Update: As if he was reading my mind, Ian Hickson posted Why document.write() doesn’t work in XML just a few days before I posted this. Since the Google AdSense script uses document.write() to create the <iframe>, it won’t work in documents served as application/xhtml+xml. Pretty obvious once you think about it. That leads to the next question: is there something that could be used instead of document.write(), and could be suggested to Google?

Update 2: I have updated the PHP content negotiation script to send a Vary header. Not sure how to do that with ASP, so I’d appreciate if somebody could fill me in. I also added a link to the more advanced script at Keystone Websites.

Update 3: I have contacted Google AdSense tech support about the document.write + XHTML problem, and was informed that their engineers are currently working on a solution to the problem.

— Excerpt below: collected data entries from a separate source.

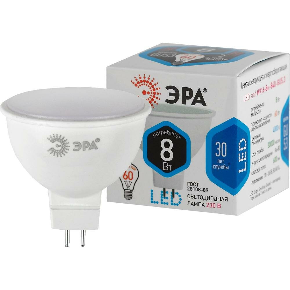Лампа светодиодная ЭРА, 8 (60) Вт, цоколь GU5.3, MR16, холодный белый свет, 30000 ч., LED smdMR16-8w-840-GU5.3 В комплекте: 3шт.
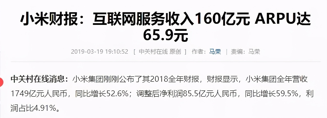 2018年小米互联网服务收入160亿元人民币,同比增长61.2%,总营收是1749亿。2019年小米互联网服务收入达到198亿元,同比增长24.4%,总营收是2058亿。
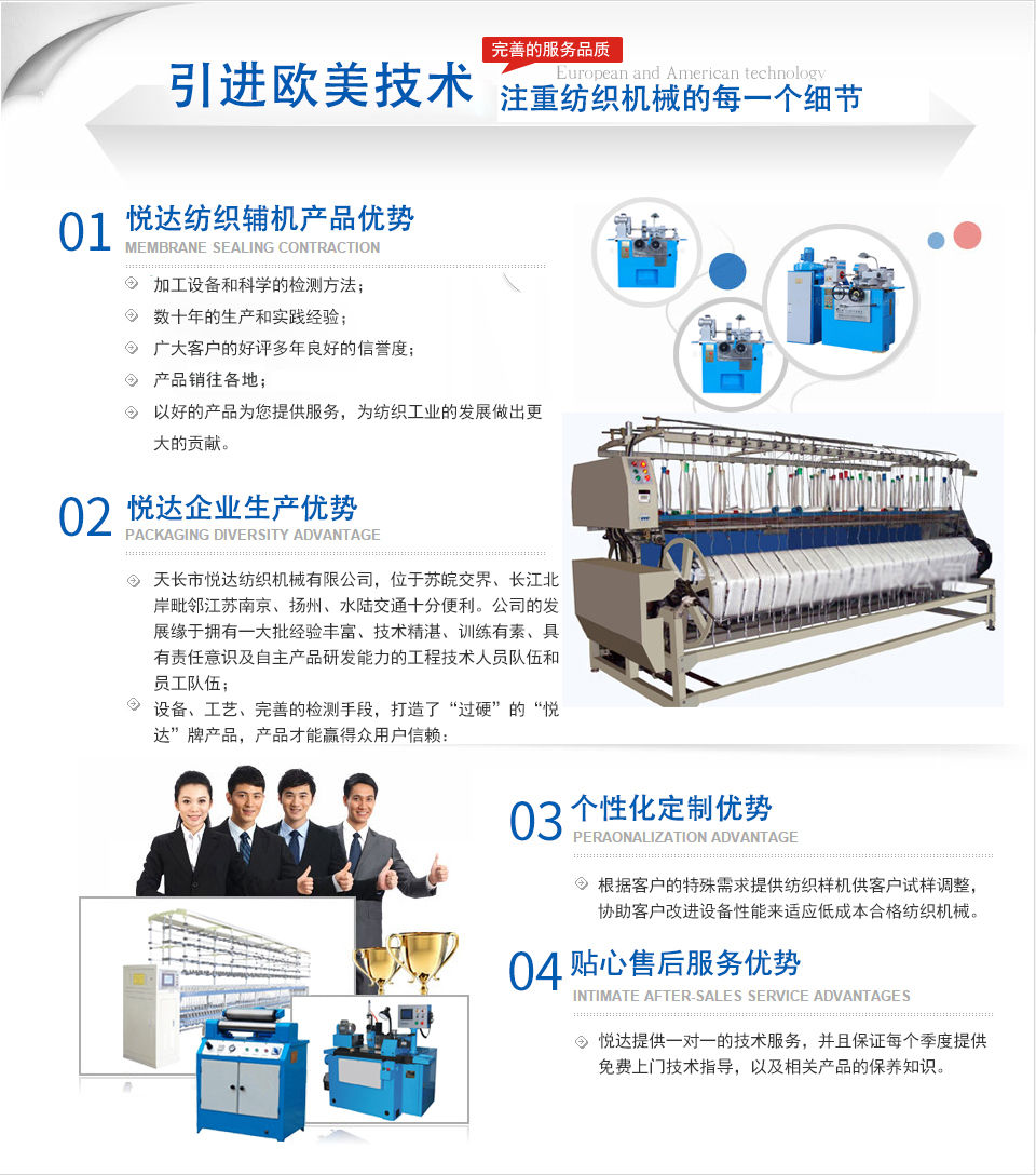 公司是主要生產(chǎn)紡織平車安裝工具、紡部輔件及配件綜合性企業(yè)。已有二十多年的生產(chǎn)歷史,在激烈的市場(chǎng)競(jìng)爭(zhēng)中始終保持優(yōu)良的質(zhì)量、優(yōu)化的價(jià)格、齊全的品種優(yōu)勢(shì)。產(chǎn)品暢銷全國(guó)各地,深受新老客戶的好評(píng)。
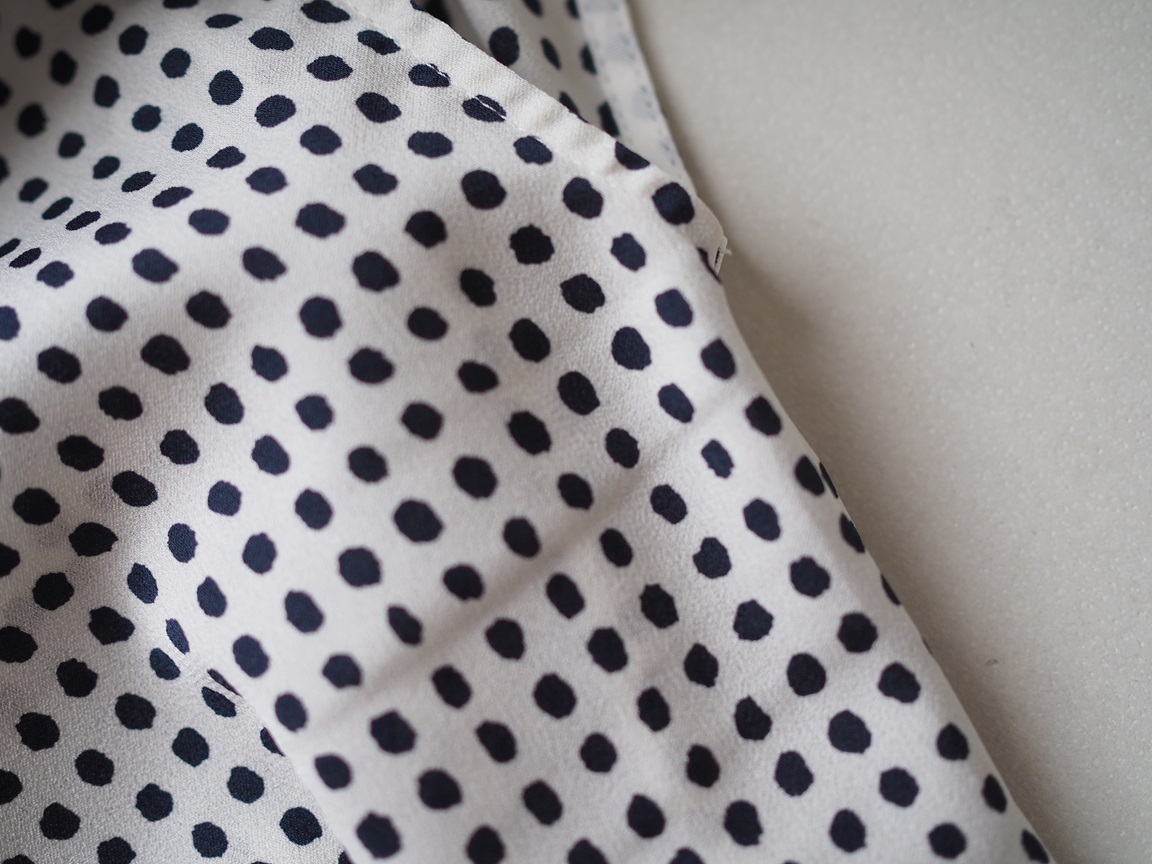 手描き風のクラシックなドットがレトロなムードを醸し出すブラウス。コンパクトなスクエアシルエットで、スタイリングしやすいのが魅力です。ネックのリボンは毎朝結ばなくてもいいように縫い留めてあるのもうれしいポイントです。
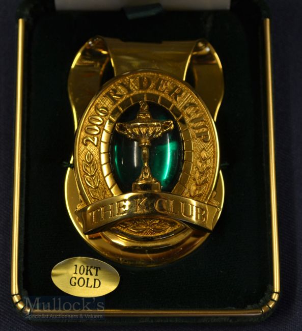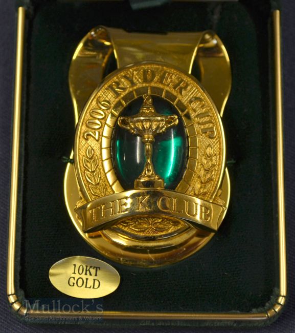 Rare 2006 Ryder Cup 10ct gold plated and emerald green enamel money clip given to players and officials – played at The K Club Ireland and won for the 3rd consecutive time by Europe equalling their record winning margin of two years earlier  –and comes in maker’s original emerald green box. Note: These items are exclusive limited edition items presented to team members and Official Party accompanying the European Ryder Cup team
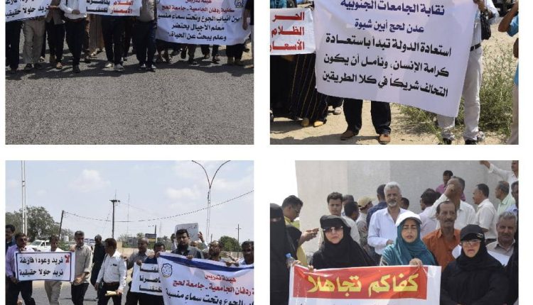 وكانت نقابة هيئة التدريس في جامعات عدن ولحج وأبين وشبوة، دعت كافة الأساتذة والطلاب للمشاركة في وقفة احتجاجية أمام مقر التحالف بمدينة الشعب في منطقة البريقة بمحافظة عدن.
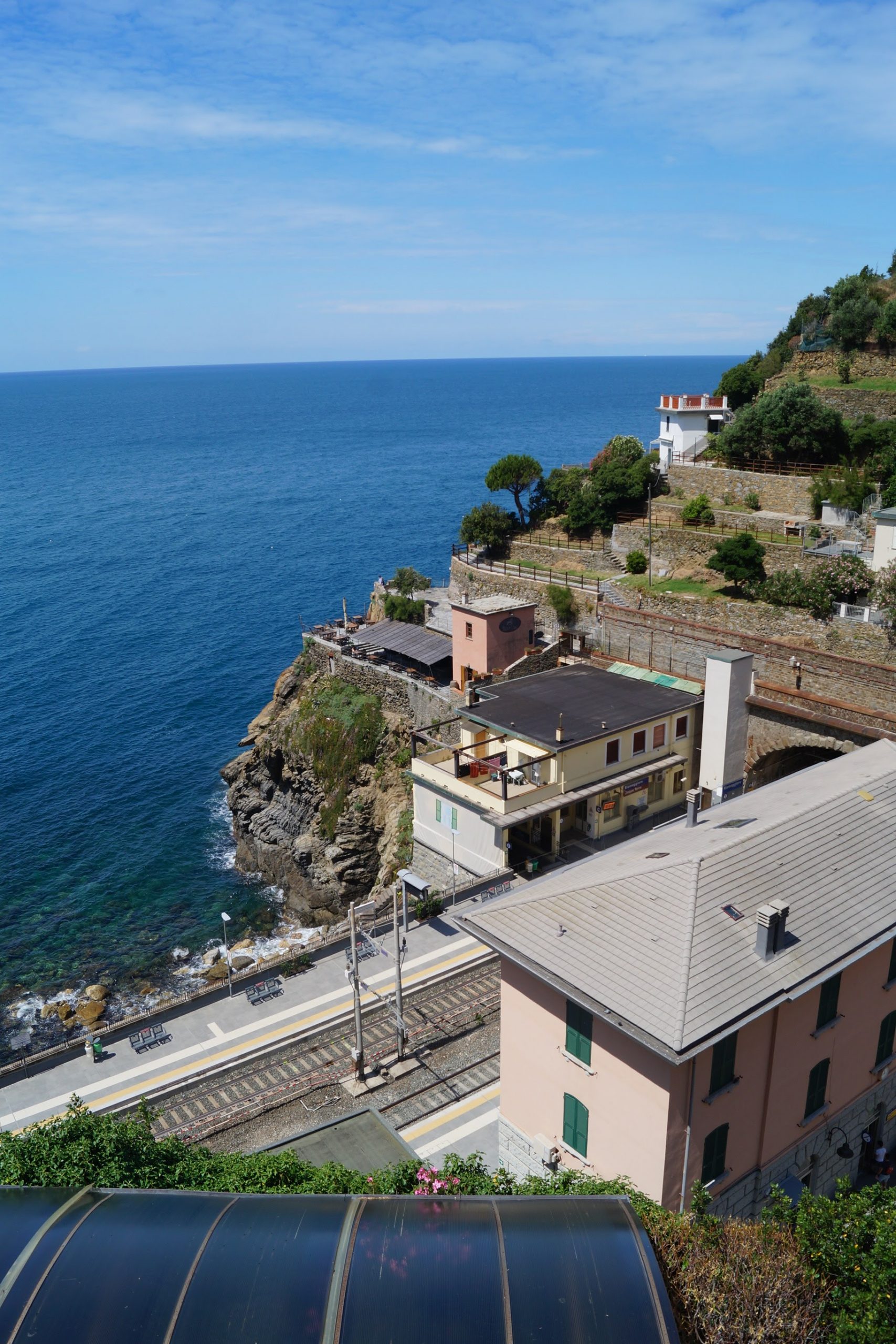 Aber wir waren ja nicht hier hingekommen, um uns kulinarisch volllaufen zu lassen, sondern die Gegend zu erkunden. So kamen wir zum Beispiel hierher: Entlang der Küste erstreckt sich eine mehrere hundert Meter hohe, zum Teil steil ins Meer abfallende, sanft gerundete Bergkette. Die Cinque Terre bestehen aus fünf kleinen, abschüssigen Geländeeinschnitten, die sich zum Meer hin öffnen. In den Tälern liegt je eines der Dörfer. Vier der fünf Ortschaften liegen unmittelbar am Wasser. Lediglich Corniglia liegt auf einem Felsvorsprung rund 100 Meter über dem Meer, daher haben wir nur vier Dörfer besucht, Monterosso al Mare, Vernazza, Manarola und Riomaggiore. Mit der Bahn kommt man von Sestri Levante in gut 50 Min. nach Riomaggiore. Herrlich kleine Ortschaften mit malerischem Blick auf das Meer, aber auch vom Meer in die Gemeinde!

Update 4: Simon Jessey has come up with a workaround which is looking pretty good. An explanation can be found in Making AdSense work with XHTML.

Posted on August 8, 2004 in (X)HTML

Comments

  1. In firefox you can right click the google ad and select: This Frame > Open Frame in New Tab. You can then validate this page which would tell you if thats the problem.

    I’ve just done this, and it fails to validate. But should this stop the main page thats calls the iFrame from validating??

  2. Note that the document you are pointing to is in fact a W3C NOTE and not normative in any way (non-normative would be the appropriate term, you should not quote from it, without mentioning that). According to RFC 3023 IIRC ‘application/xhtml+xml’ MUST be used.

  3. xHTML documents follow a different standard when using javascript. You will find that document.write statements will not work whatsoever.

    I’m not sure what the alternative is because I stopped dabbling with ECMAscript a while back because i prefer server side scripting so I’m rusty at it nowadays.

  4. August 9, 2004 by Roger (Author comment)

    Anne: Here are two quotes from the document I linked to:

    The ‘application/xhtml+xml’ media type [RFC3236] is the media type for XHTML Family document types, and in particular it is suitable for XHTML Host Language document types.

    and

    ‘application/xhtml+xml’ SHOULD be used for serving XHTML documents to XHTML user agents. Authors who wish to support both XHTML and HTML user agents MAY utilize content negotiation by serving HTML documents as ‘text/html’ and XHTML documents as ‘application/xhtml+xml’.

    According to that, sending XHTML documents as ‘text/html’ to HTML user agents is not OK, which I’m guessing is your standpoint. Other W3C documents state that it is OK if you follow their HTML Compatibility Guidelines .

    Like I said, there are different opinions on this.

    I skimmed through RFC 3023, but can’t find any mention of ‘application/xhtml+xml’. Could you provide some more details?

  5. August 9, 2004 by Roger (Author comment)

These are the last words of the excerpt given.